Hobart Carter Coffman was my father in law. He was kind, funny, a hard worker, an awesome cook and loved his grandchildren beyond words. Heaven is a better place with him there.
When I first met Coffy, he was fishing on the dock at the trailer. The trailer was the summer home that he and Charlotte, my mother in law, escaped to every year. It was heavily wooded and cool during the hottest of summer days. And the lake was a stone’s throw away. I had never dated anyone who had a home at the lake and I thought it was the best idea in the world. Who wouldn’t like to live right beside that huge lake filled with clear water that allowed you to swim ANY TIME you wanted? It was perfect!
While Coffy was fishing on the dock, Charlotte was inside making her “famous” potato salad. It was the kind of potato salad that someone in the South might call—Slap your Momma potato salad. I know that sounds awful but it MEANS that it is SO GOOD that NO ONE can describe it! What Charlotte did was teach ME to make it. To this day, I am asked to bring potato salad to everything. I never bring home a bowl with anything left. NEVER.

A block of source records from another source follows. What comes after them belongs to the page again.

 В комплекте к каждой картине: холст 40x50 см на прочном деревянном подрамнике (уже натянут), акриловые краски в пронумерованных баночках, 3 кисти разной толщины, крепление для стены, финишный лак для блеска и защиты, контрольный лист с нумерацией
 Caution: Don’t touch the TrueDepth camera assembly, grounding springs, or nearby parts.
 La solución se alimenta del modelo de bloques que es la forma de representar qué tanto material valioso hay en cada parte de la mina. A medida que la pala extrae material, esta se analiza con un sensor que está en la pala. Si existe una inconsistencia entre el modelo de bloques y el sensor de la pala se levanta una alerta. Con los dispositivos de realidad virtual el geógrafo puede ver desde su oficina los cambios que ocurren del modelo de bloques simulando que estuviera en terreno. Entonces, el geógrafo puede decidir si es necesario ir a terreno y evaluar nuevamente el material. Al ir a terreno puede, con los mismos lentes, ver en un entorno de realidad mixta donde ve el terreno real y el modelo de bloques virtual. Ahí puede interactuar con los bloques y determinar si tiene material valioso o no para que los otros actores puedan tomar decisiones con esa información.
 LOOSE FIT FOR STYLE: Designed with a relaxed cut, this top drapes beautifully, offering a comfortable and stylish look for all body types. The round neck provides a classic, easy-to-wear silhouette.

Later Charlotte and Coffy retired and built a permanent house on the lake and my children LOVED to go spend a week with them. Shoot. I loved to go spend any time with them. Charlotte knew everything about the family and told the funniest stories. Coffy was an amazing gardener and cook. He always sat at the head of the table. My daughter sat at one side and my son at the other. He would start the dish passing after Grace. He always dipped out the food for my children. He would do David first. He would say, “David, would you like some broccoli?” David would say, “No Granddaddy.” Coffy would put a spoonful on his plate anyway. You see Coffy grew that broccoli and you always ate everything that he grew whether you liked it or not! Then he would say, “Shell, would you like some broccoli” and she would reply,”Yes Granddaddy. Just a little.” So he put a little on her plate. It took David a little while to catch on to what to say. Then Coffy would pick up the next bowl of homegrown veggies and it would start the same way. It was hilarious to watch.
Shell loved to follow her granddaddy around in his enormous garden. She would be sitting right beside him doing whatever he was doing. David on the other hand, would be inside cleaning under the supervision of Charlotte. He did not like to garden in the sun! Both of them got to go fishing with Coffy. They loved being able to get in the boat with their Granddaddy and go fishing.

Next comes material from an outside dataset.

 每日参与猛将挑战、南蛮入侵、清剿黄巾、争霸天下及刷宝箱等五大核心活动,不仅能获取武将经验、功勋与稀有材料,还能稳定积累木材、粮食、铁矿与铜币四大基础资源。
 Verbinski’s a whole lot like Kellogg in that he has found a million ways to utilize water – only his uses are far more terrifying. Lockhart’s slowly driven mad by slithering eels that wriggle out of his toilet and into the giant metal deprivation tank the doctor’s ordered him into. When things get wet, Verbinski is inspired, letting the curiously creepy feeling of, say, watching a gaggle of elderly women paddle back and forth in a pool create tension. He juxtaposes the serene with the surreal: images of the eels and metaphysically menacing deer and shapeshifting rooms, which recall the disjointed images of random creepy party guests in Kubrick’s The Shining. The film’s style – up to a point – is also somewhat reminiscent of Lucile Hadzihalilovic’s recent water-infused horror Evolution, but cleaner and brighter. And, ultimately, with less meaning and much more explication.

Whenever we left their house, Coffy always sent something home with us. He had an extra refrigerator in his carport room. It was really a frig that had once been inside the kitchen. Coffy never got rid of a single thing that still had use in it. The top of the frig was filled with glass bottles of Pabst Blue Ribbon beer. He recycled the bottles, of course. He never offered me one. I never saw him even tipsy. Never. The rest of the frig was filled with veggies that he had not canned or frozen yet. He would immediately begin filling a grocery bag with veggies to take home. He was also a fisherman and we brought home the best fillets frozen in washed milk cartons and water. How I wish I had his hush puppy knowledge!

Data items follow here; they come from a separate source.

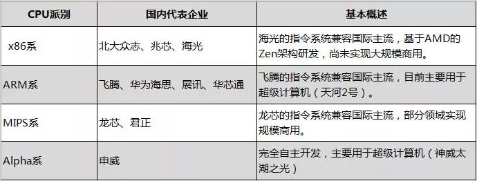 因此,我们迫切需要使用国产CPU来代替以Intel架构为代表的CPU。经过近些年的积累,我国也涌现了诸如申威、飞腾、龙芯等国产化CPU厂商。2018年5月,在《2018-2019 年中央国家机关信息类产品 ( 硬件 ) 和空调产品协议供货采购项目征求意见公告》中,已然增设了“国产芯片服务器”这一新的类别,其中包括龙芯CPU 服务器、飞腾 CPU 服务器以及申威 CPU 服务器。当然,除此之外,还有很多国产CPU厂商在国产化替代中发挥着重要作用。根据不同派别,小新将国内CPU企业进行了分类: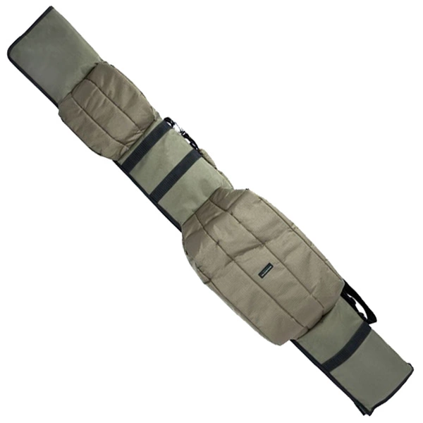 This rod holdall provides loads of protection for made-up rods and reels. There’s a highly padded area for three setups on the inside, plus a large outer pocket for your landing net and handle. The padded shoulder strap is adjustable, and the carry handle makes life easy on the bank. Increased protection offered for rod guides due to the bumped section at the top of the holdall – a great, simple way to transport your gear.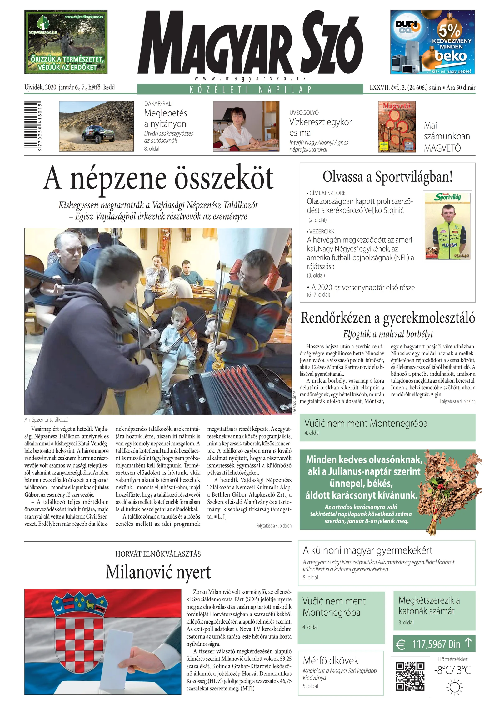 Magyar Szó, 77. évf. 2020. január 6. – 7. 3. sz. 1. oldal
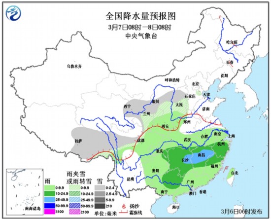 6日08时至7日08时,西藏东部、青海东部、川西高原北部、甘肃南部、宁夏南部等地有小雪或雨夹雪;陕西南部、黄淮西部、江汉、江淮、江南、华南、西南地区东部、台湾等地有小到中雨。内蒙古东部、东北等地有4~5级风。东海南部、台湾海峡有7~9级的风,东海北部、南海东北部有6~8级的风。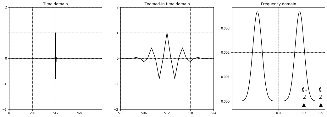 In the original frequency plot (c), we have non-zero values in the range [0.0, 0.02], denoted by the two ▲s. This range is called the bandwidth of the original signal (Remember that we only look at the positive frequencies [0.0, 0.5], because of the aforementioned symmetry in the negative frequencies.)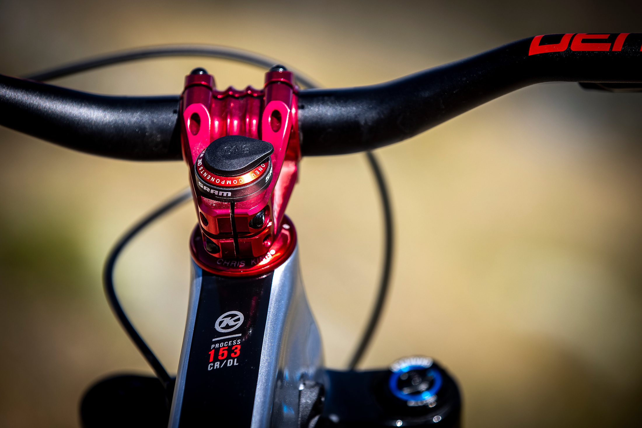 These AVS handguards are the source of many heated water cooler arguments. You either love or hate them. Turns out Connor, Rhys and Miranda love them! Oh, almost forgot about the forks, that’s a set of RockShox Lyrik Ultimates in 170mm.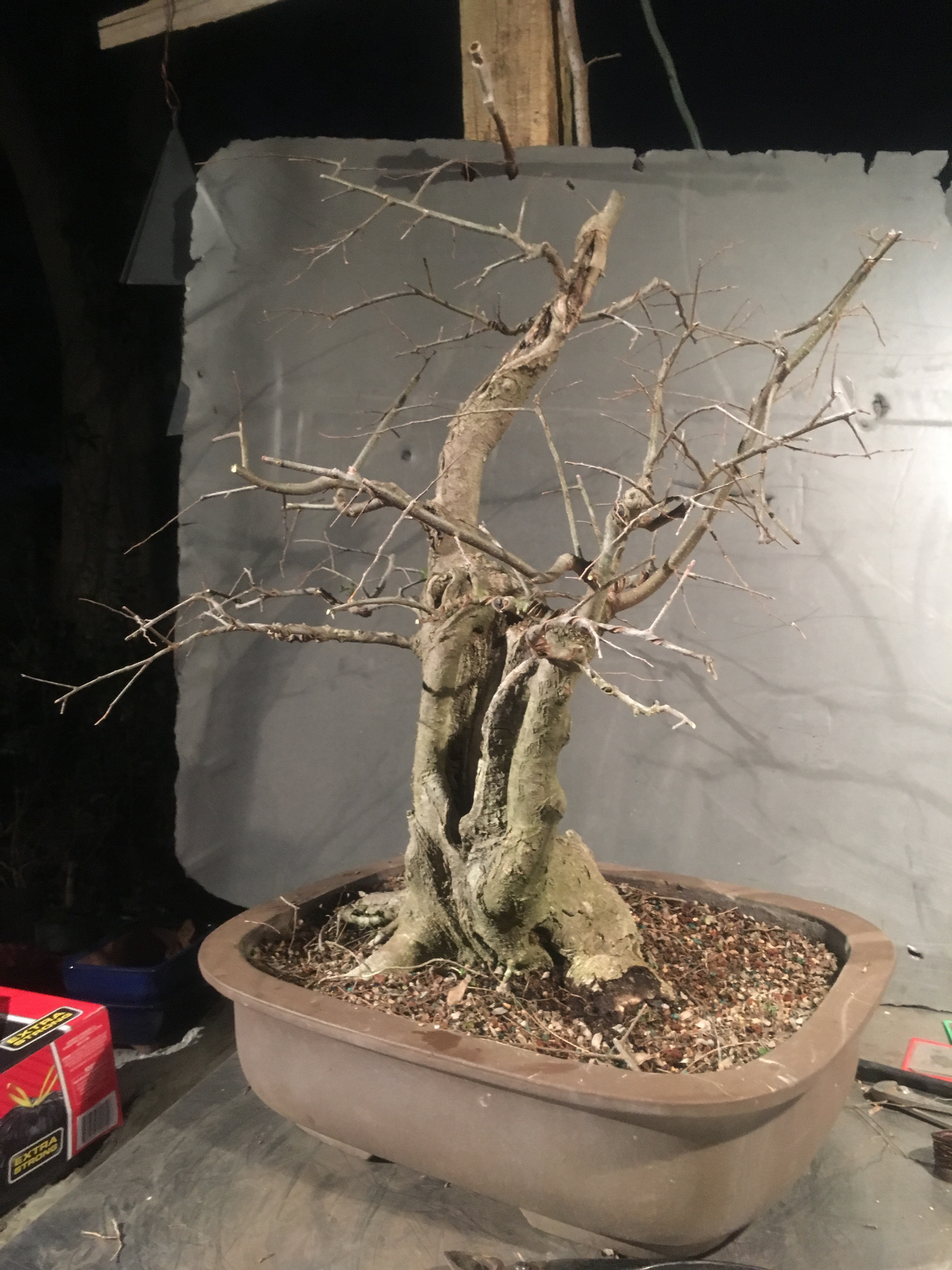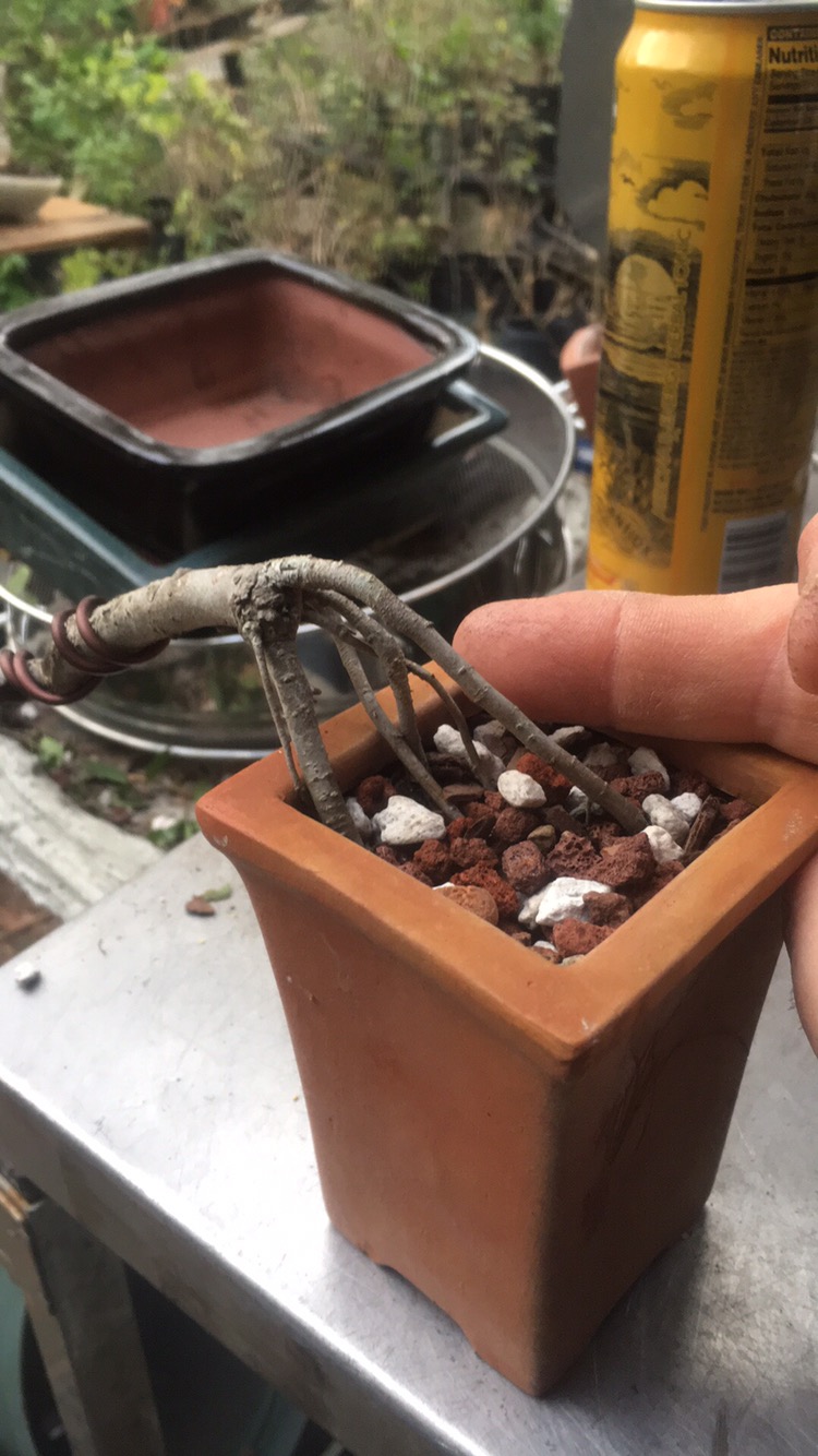It’s not the best example of an exposed root bonsai but it looks aged.

Because of Coffy, I became a backyard gardener, too. I learned to make sausage gravy from Coffy. I learned to cook rabbit because he grew those, too. I can still see him on his porch with a smile on his face, hugging my children and then me. He taught me a LOT about being a grandparent. About having a kind voice. About being patient. And he never even realized that he was doing that. I miss him still. But the lessons he taught me—-well they are with me still. Love you Coffy.